Et si on apprenait à mieux écouter les paysages qui nous entourent?
A l’ère d’Instagram, les images nous happent désormais plus que les sons. Et sans nous en rendre compte, nous sommes devenus moins attentifs au chant des oiseaux ou au silence de la forêt. Pourtant, l’ouïe fait partie de l’expérience du voyage… Pour profiter de la richesse de ces murmures de la planète, il suffit de réapprendre à tendre l’oreille.

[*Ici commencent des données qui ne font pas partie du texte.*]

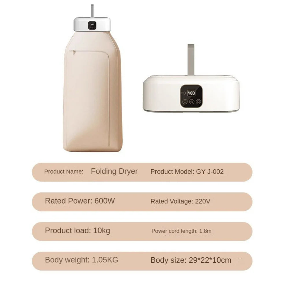 Sèche-linge haute puissance de 600 W, séchant efficacement les vêtements petits et fins en seulement 30 minutes. Sûr et efficace pour un usage quotidien.

Certaines sonorités sont intimement liées à nos souvenirs de vacances. Ce peut-être le chant des oiseaux au réveil dans une maison de campagne. Le fracas des vagues qui s’écrasent sur la côte. Le murmure d’une balade en forêt. Le tintement des cloches qui ornent le cou des brebis dans les alpages. Ces bruits qui nous entourent font partie intégrante de l’expérience du voyageur. Y prêter attention, c’est s’offrir une épopée multisensorielle, être totalement présent dans l’environnement où l’on évolue. A l’instar de la vue – les paysages que l’on découvre -, du goût – les mets que l’on déguste – ou l’odorat – les effluves de l’herbe fraîchement coupée, des épices sur un marché, des embruns iodés… -, l’ouïe est un sens nécessaire pour appréhender un lieu.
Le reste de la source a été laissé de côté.